Here is Chaim Weizmann, “Zionism—Alive and Triumphant,” March 12, 1924:
But the idea that England should “give” Palestine to the Jews is particularly crude and Utopian when it is linked up with the suggestion of expropriation or removal of the Arabs. Fortunately no such suggestion has ever come from a responsible Zionist leader. For apart from its inherent impracticality and immorality, the idea again betrays a complete dissociation from the realities of the situation. England would not commit such an act even if the Jewish people were to demand it.

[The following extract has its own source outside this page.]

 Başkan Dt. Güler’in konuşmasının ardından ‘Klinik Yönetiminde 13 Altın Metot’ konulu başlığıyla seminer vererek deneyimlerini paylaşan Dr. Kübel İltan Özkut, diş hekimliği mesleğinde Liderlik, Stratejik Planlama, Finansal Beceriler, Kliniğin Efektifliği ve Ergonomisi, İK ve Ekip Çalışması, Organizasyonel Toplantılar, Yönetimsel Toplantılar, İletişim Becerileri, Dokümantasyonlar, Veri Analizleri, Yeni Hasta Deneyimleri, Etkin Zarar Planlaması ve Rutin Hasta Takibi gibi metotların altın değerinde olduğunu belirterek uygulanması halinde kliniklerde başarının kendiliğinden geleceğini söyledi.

And the Jewish people would not demand it because it realizes that, in laying the foundations of its old-new home, it must not tolerate even a suspicion of faith in those vicious imperialist principles which have been the source of half its woes.

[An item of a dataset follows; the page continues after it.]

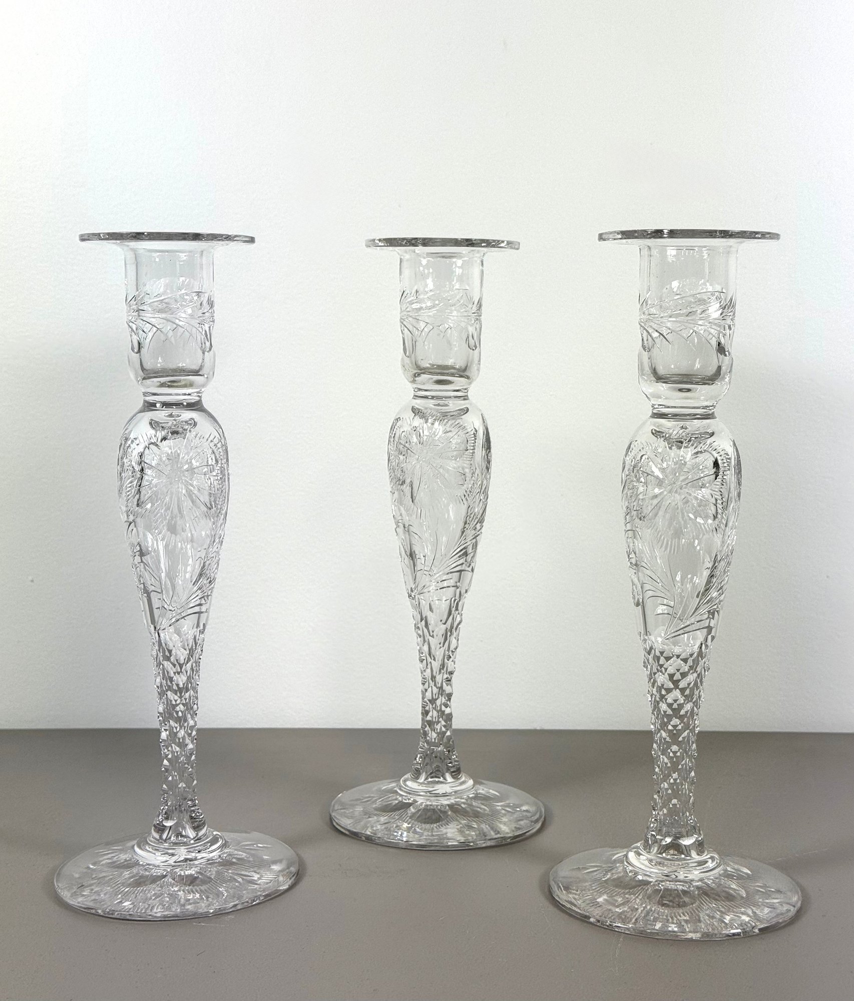 (3) 19th C. Pairpoint Cut Glass Candlesticks

If there is any significance at all in the rebuilding of a Jewish homeland, it must be made evident first in the attitude of the Jewish people toward the nations in the midst of which that homeland is being built. Friendliness with the Arabs is not simply a matter of convenience of expedience; it is a cardinal doctrine; it is an essential part of the Jewish outlook, an aspect of the spiritual dream which the Jewish homeland is to embody. If we reject the vicious shifts and tricks of what is inaccurately called Realpolitik it is not only because of its essential stupidity and ineffectiveness, but because our entire history has been a living protest against it. To solve one problem by the creation of two others is a method which is not unapproved in the world of practical men. Perhaps it pays in the case of fly-by-night nations, though even most of these live long enough to witness the undoing of their practical wisdom. In the case of the Jews, who are, as it were, a permanent institution, there is a reputation to be cherished and maintained. Nor is Jewish-Arab cooperation a new concept. The ideal already has an illustrious history. It is not so long ago—as history, and particularly Jewish history, goes—that Jews and Arabs worked hand in hand from Granada to Bagdad in founding and spreading one of the most brilliant civilizations: when the rest of Europe was still steeped in the dark slumber of the Middle Ages, Spain, Mesopotamia, and Northern Africa were brightly illumined by a great Arab Jewish culture. that culture has never disappeared; it survived, transmuted and disguised, in the Renaissance to which it contributed generously; its unacknowledged issue today forms part of our Western civilization.